The result is a modest and sensible complex, less spectacular than Seville 92 but more ambitious than Lisbon 98, where the large infrastructural investments will in the future substantially benefit the permanent grounds, and where the seemingly inevitable trivial jubilation of the pavilions is compensated by abstract gardens of hermetic poetry. Reasonably faithful to its purpose of reconciling technique and nature with an emphasis on the economy of means and the recyclable character of temporary buildings, the 22nd Universal Exposition is also the first organized in Germany, and its responsible and discreet profile well reflects the uncertain pride of a nation traumatized by its recent history. The architectural mediocrity of its own national pavilion, which only struggles to respect the political correctness of transparent functionality, illustrates for its part the most regrettable facet of this perplexed ambiguity.

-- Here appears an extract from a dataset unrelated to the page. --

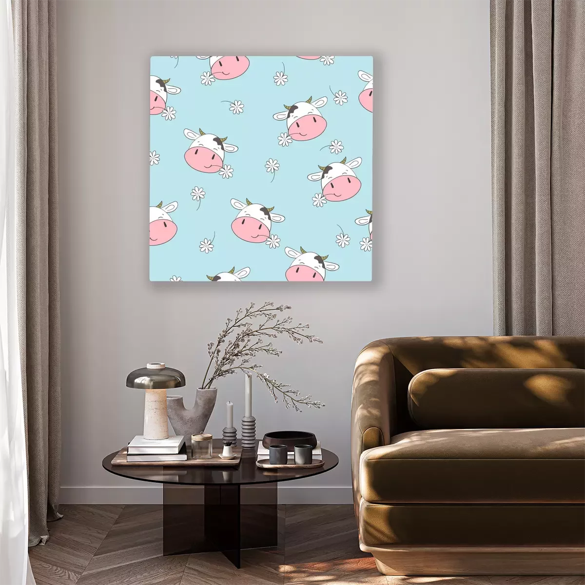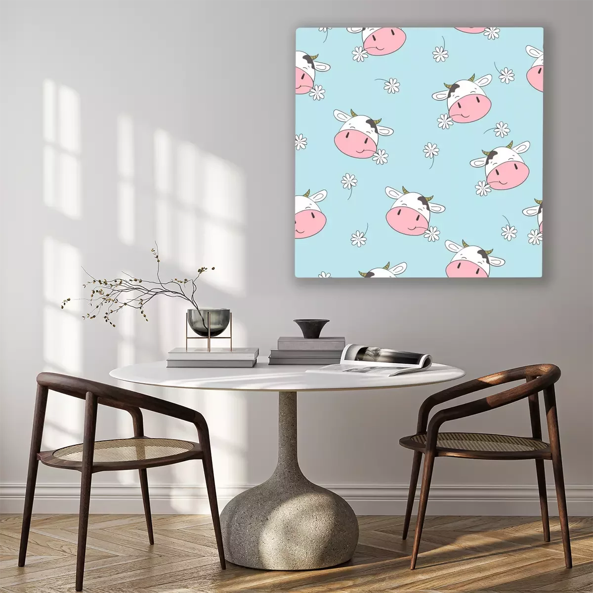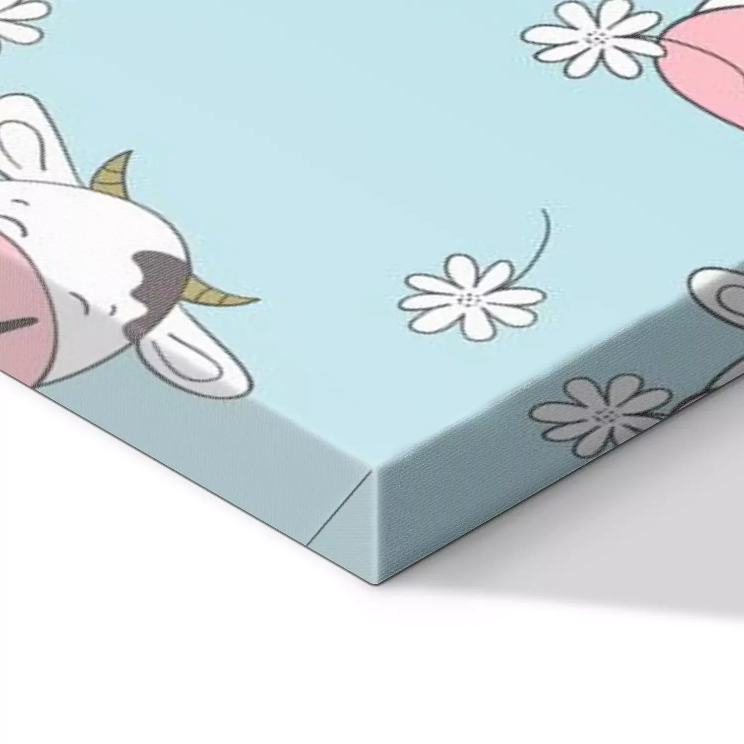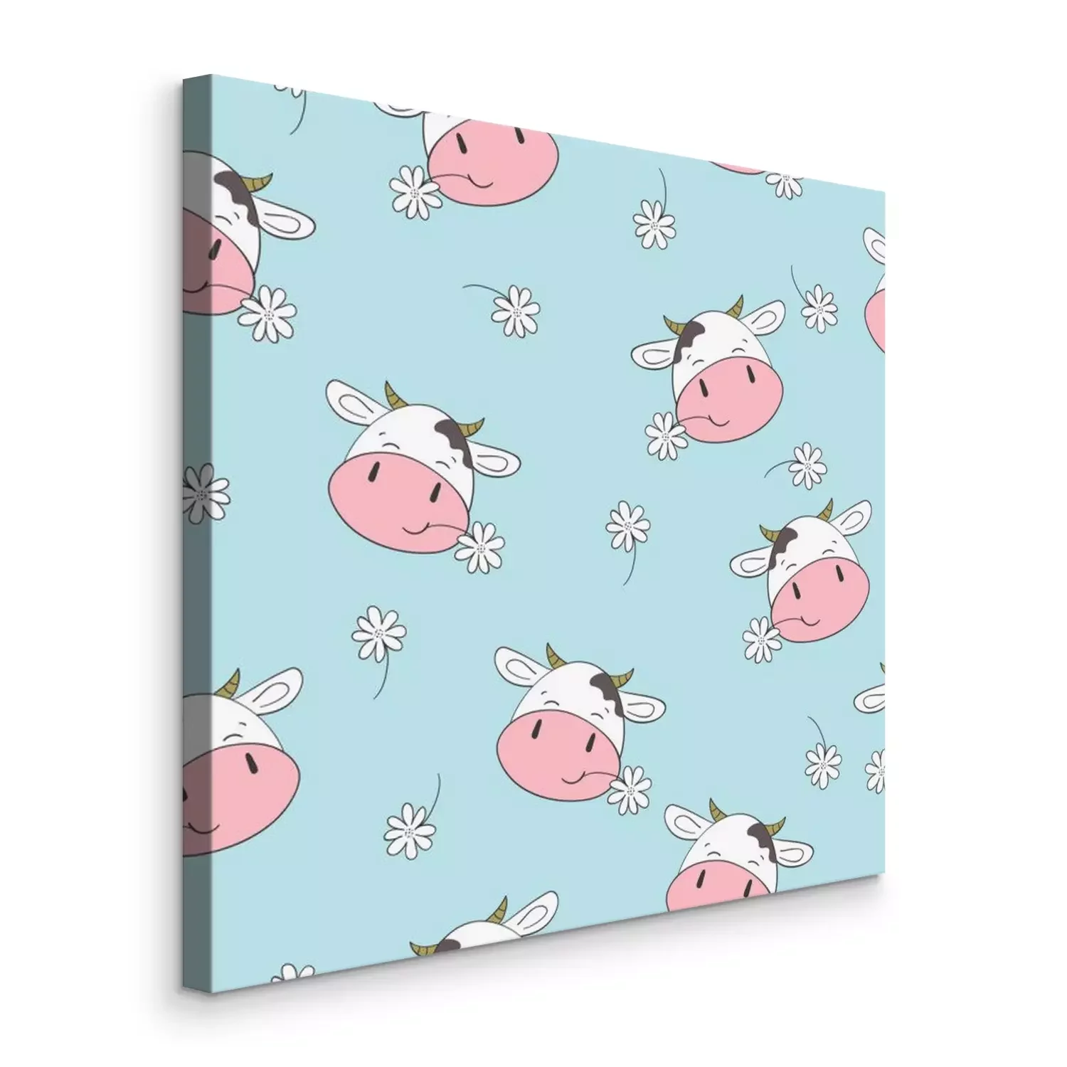 Bild: Niedliche Kühe zwischen Gänseblümchen auf blauem Hintergrund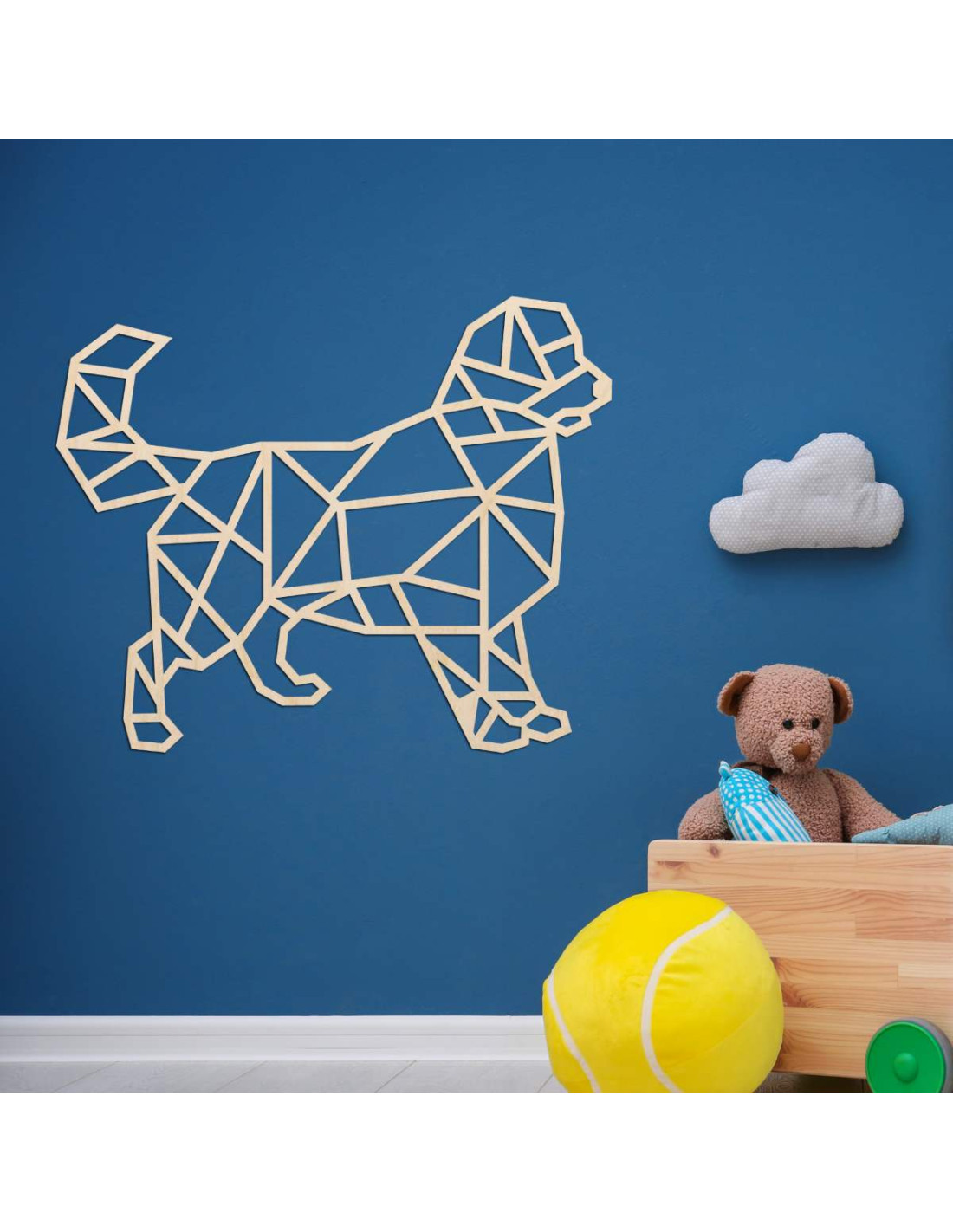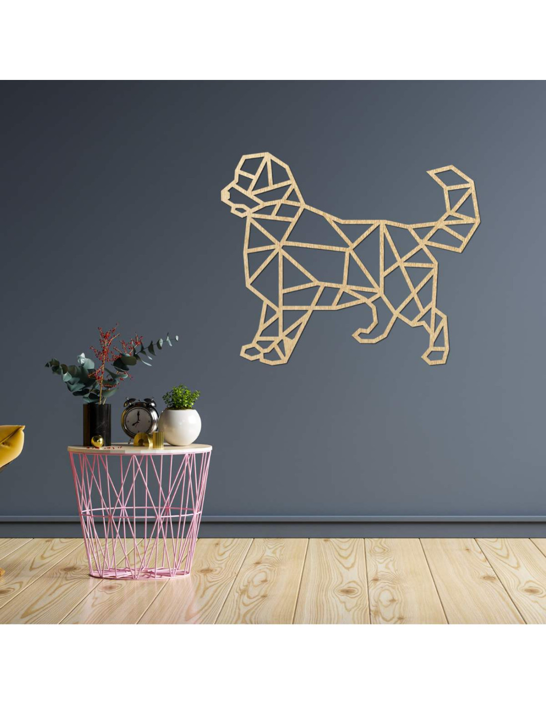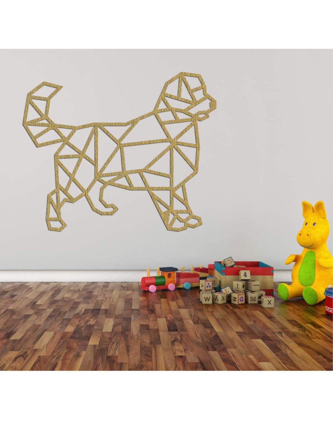 Înviorați-vă interiorul cu o decorațiune modernă din lemn, cu motiv de câine, în stil geometric.

In the jungle of pavilions, crossed by predictable cable railways and footbridges, the deplorable is combined with the excellent, but there are at least two buildings that will not pass unnoticed, because they represent the two extremes of a contemporary debate. The Pavilion of the Netherlands, designed by the young Rotterdam architects MVRDV, stacks five Dutch landscapes together in what is at once an illustration of their theory of maximum land occupation, and also a metaphor on the need for Lebensraurn in their very populous country. While the Pavilion of Switzerland, a work of the veteran Chur master Peter Zumthor avoids all exhibitionism in reducing his country’s representation to a labyrinth of rough wood strips which will be used later as building material, and in the meantime as the setting of select food-tastings and music concerts for those who venture into this intimate and congenial environment.
Between Dutch cries and Swiss whispers, however, it is not possible to imagine a dialogue, nor does it seem realistic to hope for it among any one of the varied Expo projects. Unaware of each other and moving independently as elementary particles in the universe of ideas and forms, Hannover’s solipsistic pavilions exhibit their national and architectural identity in a series of soliloquies which promise more fatigue than enlightenment. Conversation, please.